While carefully avoiding criticising single mothers, Mr Blunkett attacked the Government for hypocrisy, accusing health ministers of cutting family planning clinics and housing funds. The Labour MP for Sheffield Brightside said two areas in his constituency, Shirebrook and Parsons Cross, amounted to the biggest council estate in Europe, equivalent in size to Shrewsbury. 'People there are not fools. If you can't get a house by waiting on the list, you present the maximum number of reasons why you should receive priority. That is not encouraging people to accept responsibility in their own lives and society.
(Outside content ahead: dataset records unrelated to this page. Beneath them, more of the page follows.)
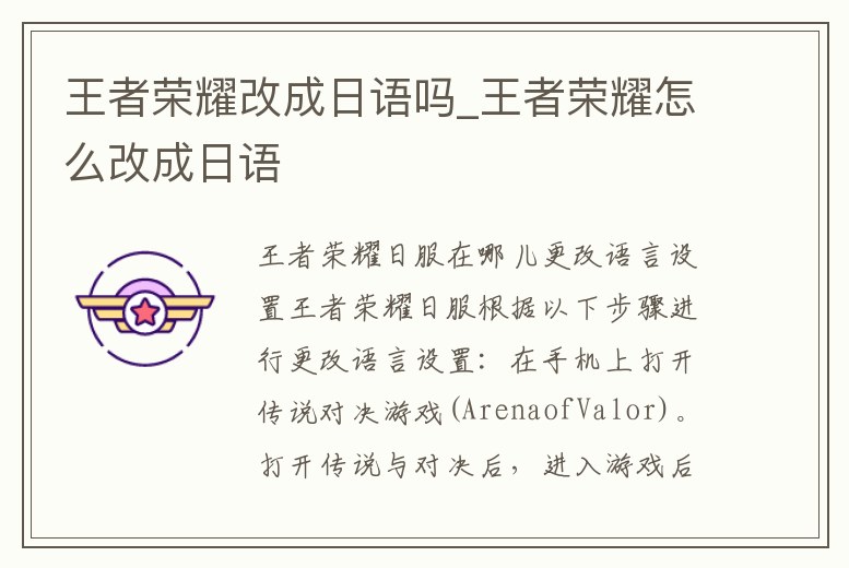- 王者榮耀改成日語(yǔ)嗎_王者榮耀怎么改成日語(yǔ)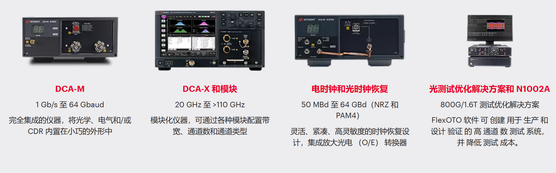 新一代 DCA 等效時間采樣示波器包括 DCA-X 和 DCA-M 兩個系列,分別針對研發(fā)和制造環(huán)境。DCA-X 系列是一種模塊化儀器,可以通過各種插入式模塊來配置主機,執(zhí)行精確的光通信、電氣和時域反射/傳輸(TDR/TDT)測量。DCA-X 系列具有高達 110 GHz 的帶寬,抖動低至 50 fs,噪聲低至 275 μV,以及高達 250 kSa/s 的采樣率。
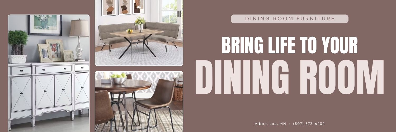 Transform your dining space with beautifully crafted furniture from Morris Furniture in Albert Lea, MN. Whether you're hosting family dinners, holiday gatherings, or casual brunches, our selection of dining tables, chairs, benches, and storage pieces brings warmth, style, and function to your home. From classic to contemporary, rustic to refined—find the perfect pieces to reflect your personal taste and elevate every mealtime moment.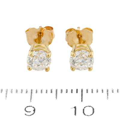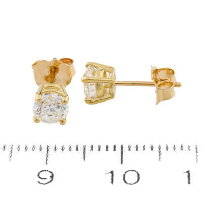 Diamond stud earring with round brilliant cut Natural Diamonds totalling 1.00ct (with GIA Dossier Reports graded as E SI1 #2528922179, 6522144040). 18ct yellow gold. Weight: 1.0g. (New)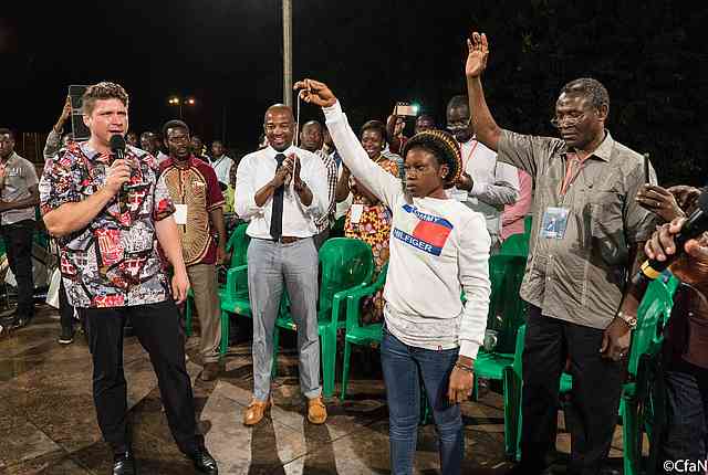 A woman had a tumorin her stomach that was painful and protruding. She had lost three pregnancies and believes it was due to the tumor. So she went to the witch-doctor for help. He gave her a charm to wear around her waist, but her condition had not changed. Tonight, during the prayer for the sick, the tumor vanished! She told me her story on the platform and said that she wanted to remove that charm she had received from the witch-doctor. Right there in front of the crowd, she removed it and gave glory to God!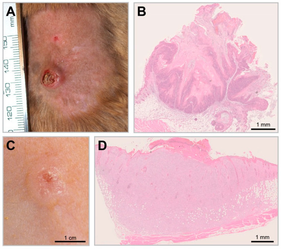 Apparently, the so-called KAs observed in Mastomys (Figure 4B) differed from KAs known from humans regarding histology and time course. While, macroscopically, a strong keratinization and infiltration to surrounding tissue were similar, human KAs were described as emerging from hair follicles [119], while those in Mastomys seemed to arise from the surface and at best at the infundibulum of the hair follicle [109]. However, considering later data obtained by in-situ hybridization, MnPV as the etiological agent for papillomas, KAs and SCCs could be also detected in hair follicle cells, being apparently a reservoir for these viruses [105]. Up to date, a spontaneous regression described for human KAs was never reported for Mastomys where the tumor continues growing and infiltrating even down to the muscle tissue [110].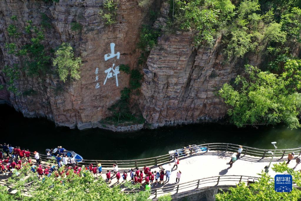 游客在河南林州红旗渠畔参观(2019年5月22日摄,无人机照片)。新华社记者冯大鹏摄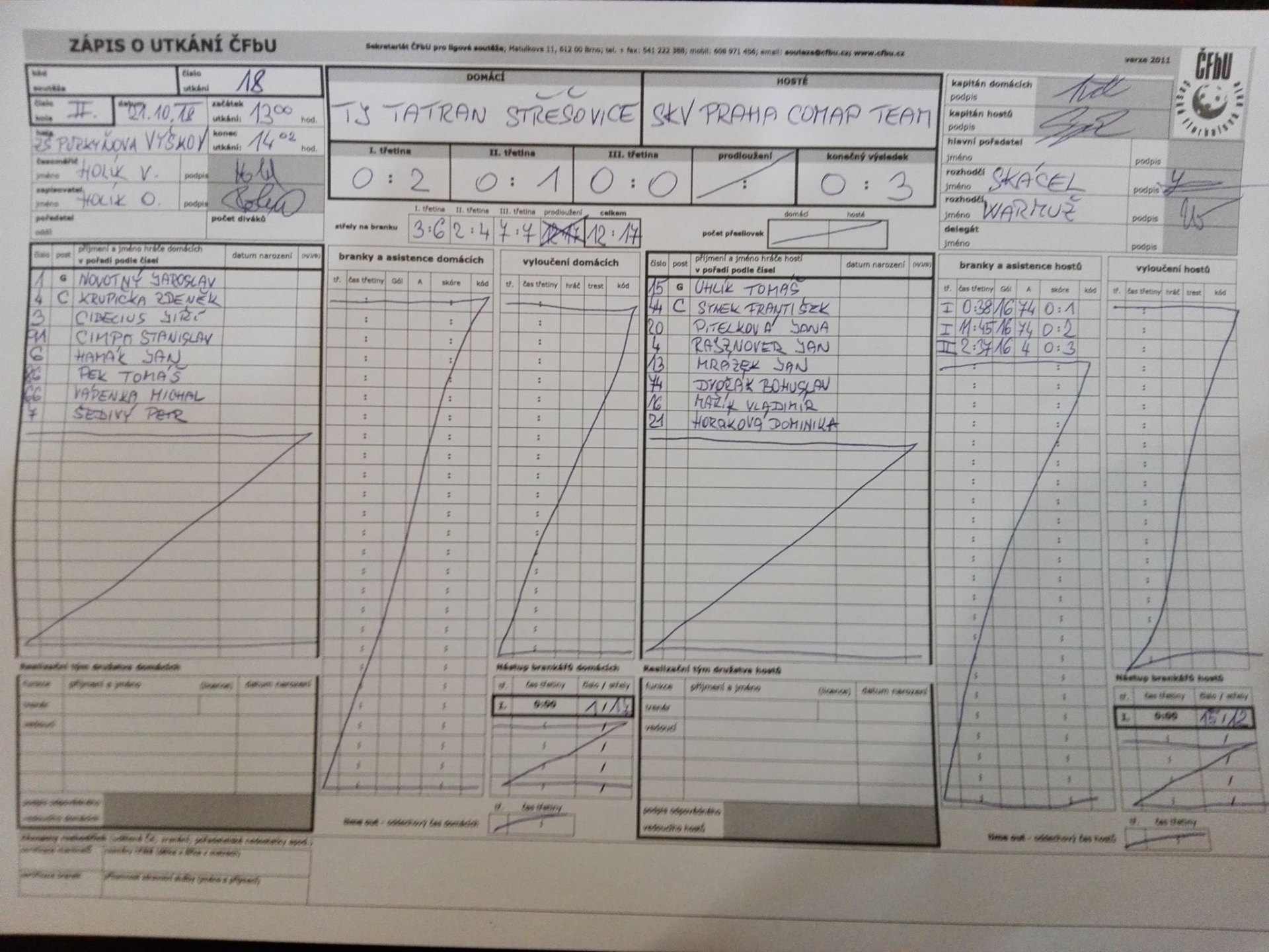 | Tým | Skóre | Část | Čas | Gól | Asistence | Trest | Název trestu | Délka trestu |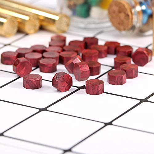 Demiawaking 100pcs Ceralacca per Sigilli per Timbro Perle di Cera per Sigilli Ottagonale Vintage Ceralacca Sigillo per Buste Lettere Carta di Invito Matrimonio Natale Artigianato Fai Da Te (Rosso)
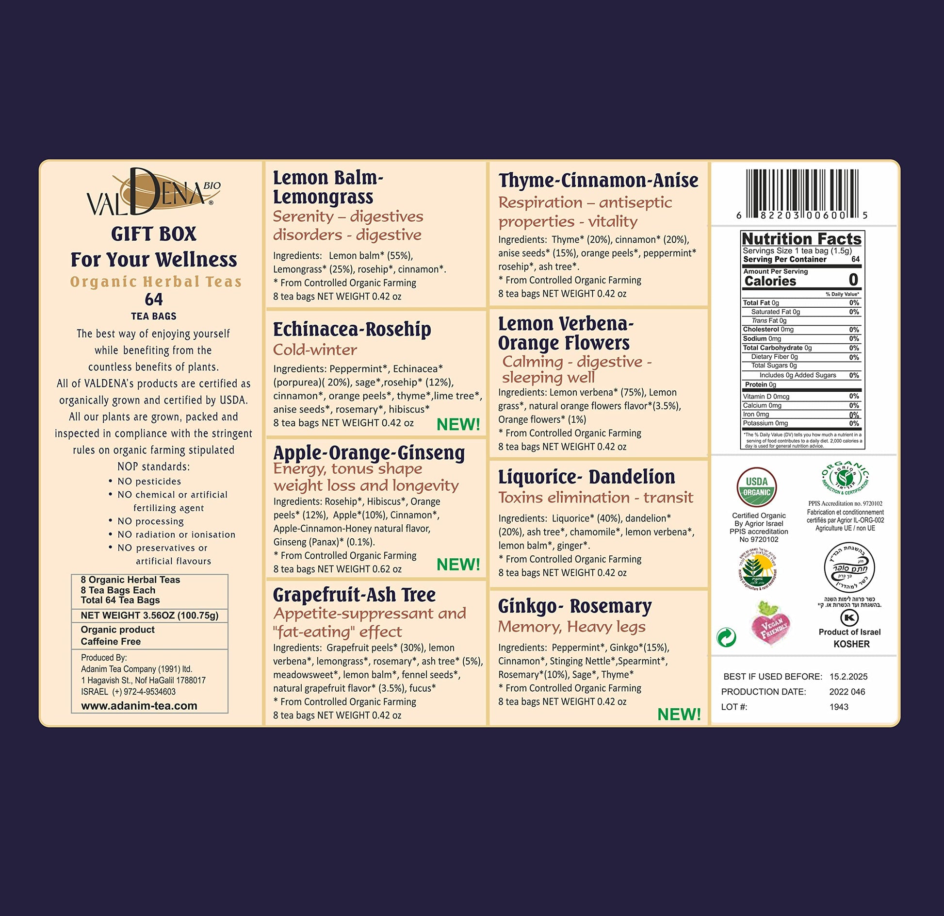 Valdena Bio Organic Herbal Tea Variety Pack, Tea Sampler Gift Set Box, 8 Flavors Assorted Tea, Total of 64 Tea Bags, Caffeine Free Tea Set with Variety of Health Benefits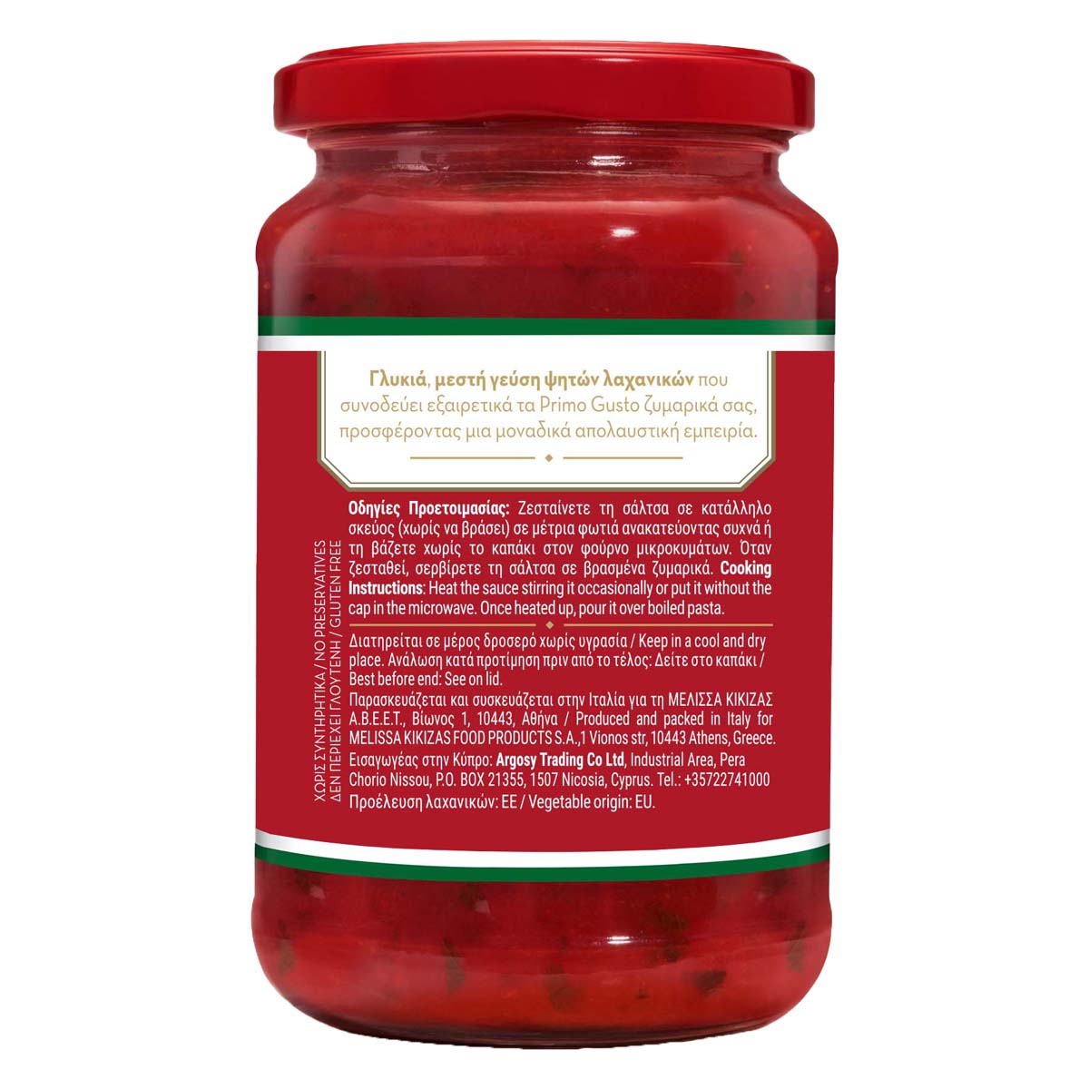 Γλυκιά, μεστή γεύση ψητών λαχανικών που συνοδεύει εξαιρετικά τα Primo Gusto ζυμαρικά σας, προσφέροντας μια μοναδικά απολαυστική εμπειρία.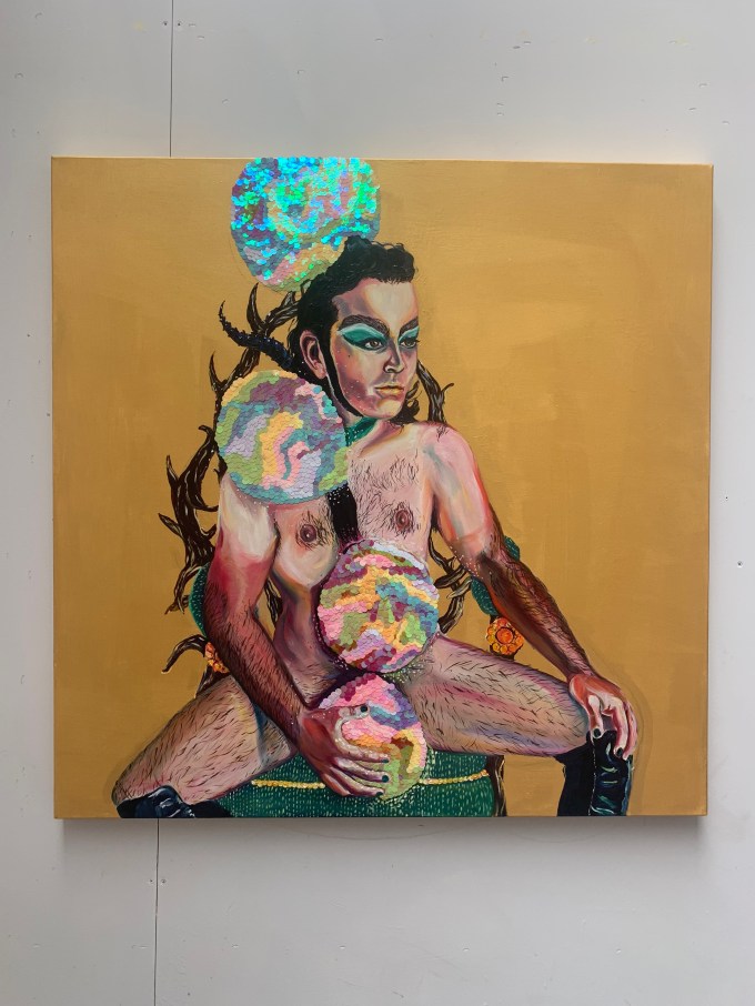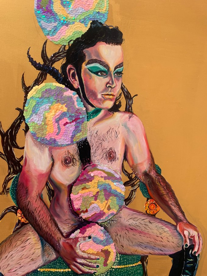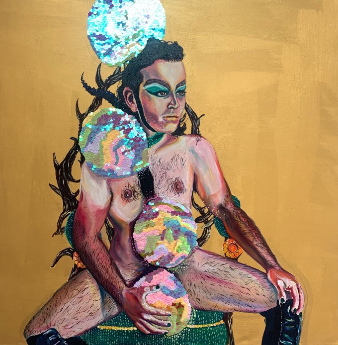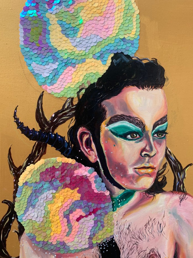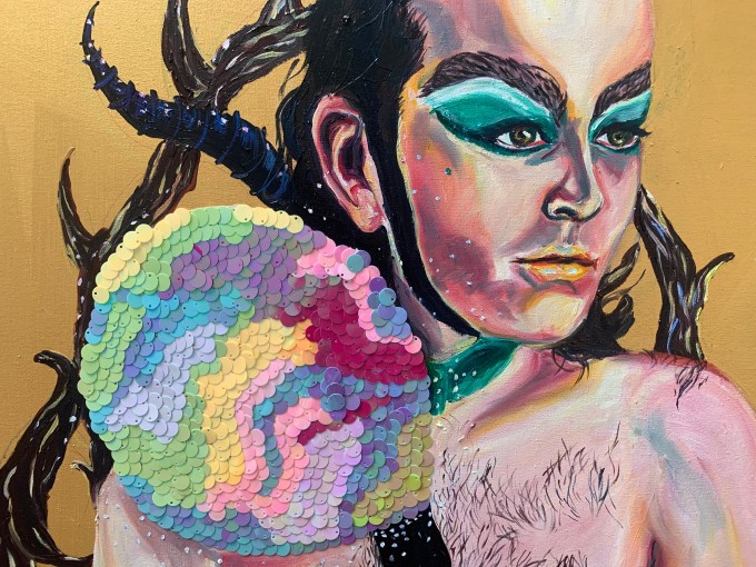 Oil paint and sequins on an iridescent gold canvas

What is worse - and this is crucial - is that we are reinforcing under- achievement and deprivation.

'That is why I am speaking not against single parents, and not to victimise them, but in favour of recognising that deep disadvantage is being reinforced, one generation to another, so that it is passed on.

'We see a woman in Bath with nine children and different fathers. What chance do those children have in circumstances of total instability?

'We have to be aware of what we do to each other. That to me is democratic socialism. We have to be aware that if we behave in an anti-social fashion, we undermine the very thing we are trying to sustain, a sense of community and neighbourliness.'

Peter Lilley, the Secretary of State for Social Security, supports placing single mothers in council hostels, rather than houses. John Gummer, the Secretary of State for the Environment, is reviewing the policy.

Charles Hendry, the Tory joint chairman of an all-party group on homelessness, last night wrote Mr Gummer opposing the idea of housing single mothers in hostels. He said they should be actively discouraged by changes in policy from leaving home.